__Your task__. Although the data below contains pictures, output only the lines between those holding "LASER LEVEL, BOSCH" and "El tren, llamado", inclusive, exactly and without those pictures.

__Dataset entries__.
:::::

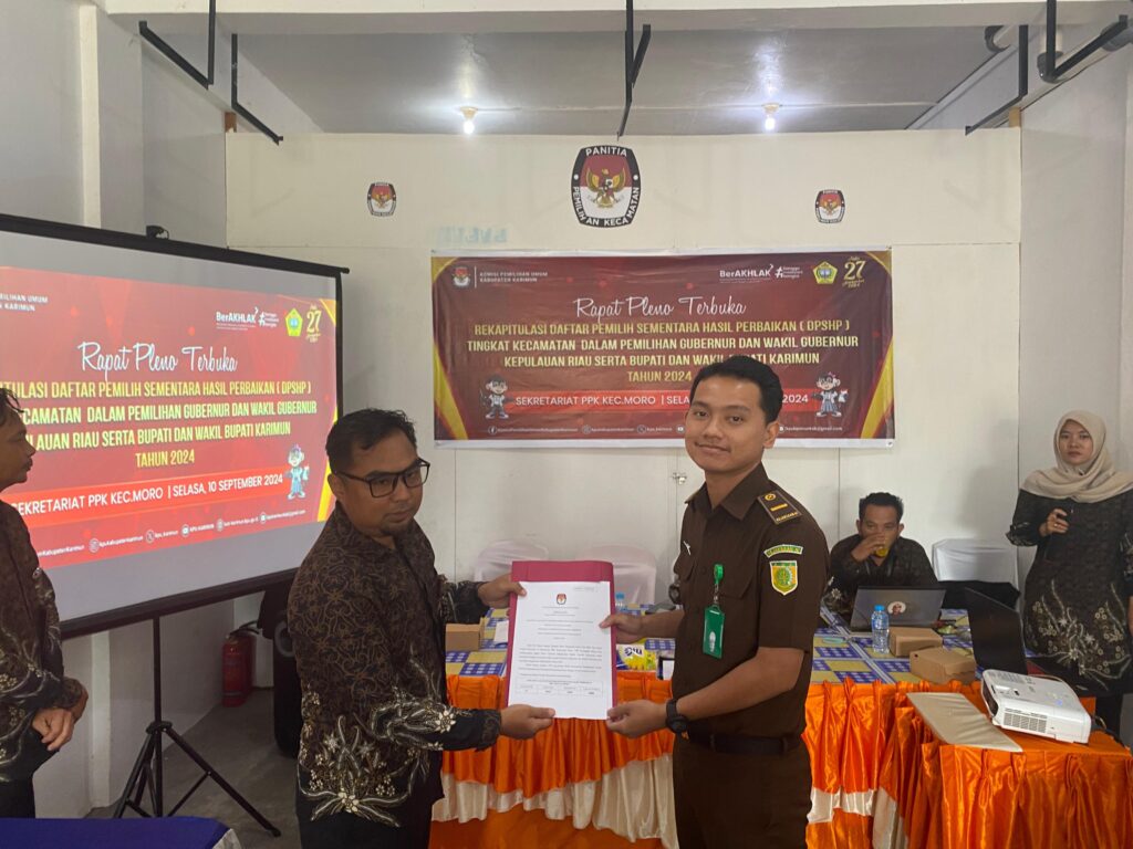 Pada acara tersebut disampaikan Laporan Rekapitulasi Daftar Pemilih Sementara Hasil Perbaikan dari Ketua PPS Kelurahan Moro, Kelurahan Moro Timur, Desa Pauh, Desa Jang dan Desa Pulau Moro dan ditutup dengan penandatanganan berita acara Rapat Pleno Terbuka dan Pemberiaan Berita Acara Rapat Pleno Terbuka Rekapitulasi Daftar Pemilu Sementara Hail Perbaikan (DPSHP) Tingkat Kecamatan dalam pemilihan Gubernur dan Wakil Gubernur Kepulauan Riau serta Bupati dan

:::::

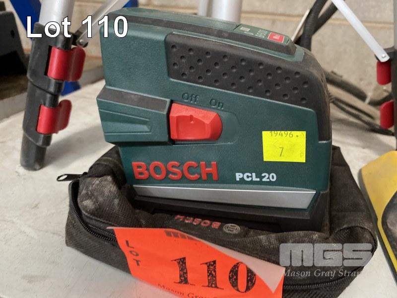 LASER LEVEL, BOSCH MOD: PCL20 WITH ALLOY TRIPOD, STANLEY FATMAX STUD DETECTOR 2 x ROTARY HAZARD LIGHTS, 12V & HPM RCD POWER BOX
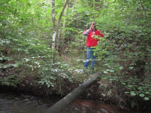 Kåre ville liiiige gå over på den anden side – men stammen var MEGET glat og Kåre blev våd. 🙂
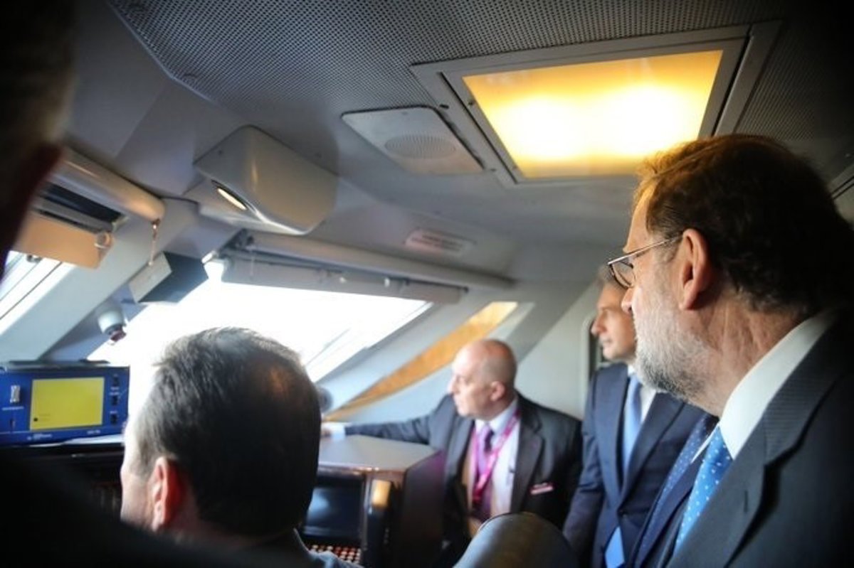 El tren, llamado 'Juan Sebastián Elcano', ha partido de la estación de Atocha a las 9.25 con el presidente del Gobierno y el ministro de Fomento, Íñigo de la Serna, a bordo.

:::::

__Response to this exercise__.
 LASER LEVEL, BOSCH MOD: PCL20 WITH ALLOY TRIPOD, STANLEY FATMAX STUD DETECTOR 2 x ROTARY HAZARD LIGHTS, 12V & HPM RCD POWER BOX
 Kåre ville liiiige gå over på den anden side – men stammen var MEGET glat og Kåre blev våd. 🙂
 El tren, llamado 'Juan Sebastián Elcano', ha partido de la estación de Atocha a las 9.25 con el presidente del Gobierno y el ministro de Fomento, Íñigo de la Serna, a bordo.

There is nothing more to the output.